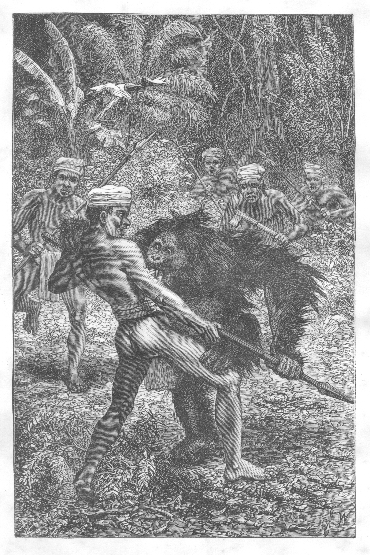 "Orang-Utan attacked by Dyaks" in Alfred Russel Wallace's The Malay Archipelago, 1869
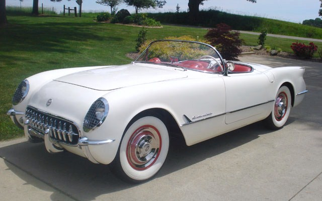 1953 Chevrolet Corvette Convertible
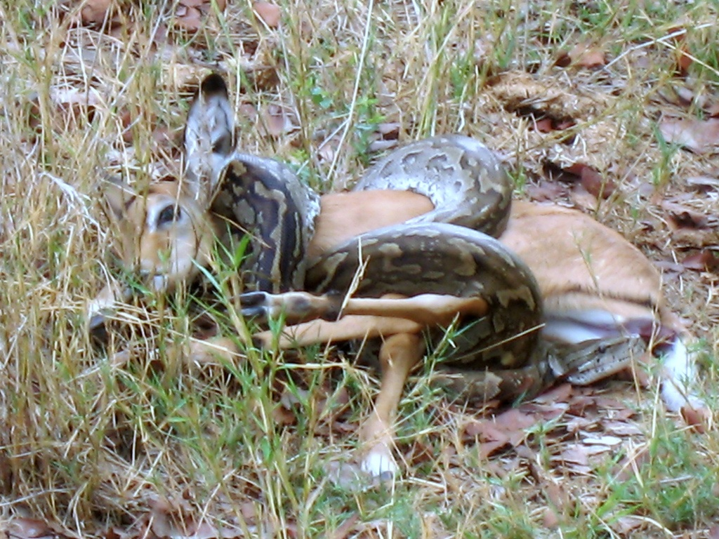 Probably (!!!!) a Southern African Rock Python (Python natalensis) constricting a small impala. The location were this picture originates from is unknown. The autor doesn't answer this open question till date. So it is impossible to assign this python to Python natalensis or Python sebae
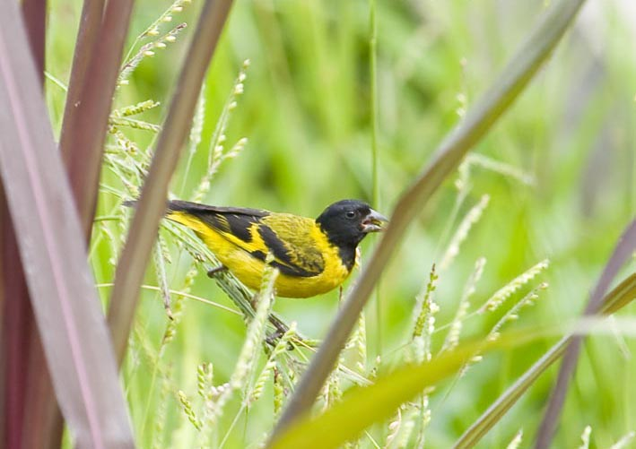 Hooded siskin male (Carduelis magellanica icterica)

WORK TO COMPLETE. Leave out the pictures, then reproduce exactly the run of lines from the one that contains "Probably (!!!!) a" to the final line of the listing above.

OUTPUT.
 Probably (!!!!) a Southern African Rock Python (Python natalensis) constricting a small impala. The location were this picture originates from is unknown. The autor doesn't answer this open question till date. So it is impossible to assign this python to Python natalensis or Python sebae
 Hooded siskin male (Carduelis magellanica icterica)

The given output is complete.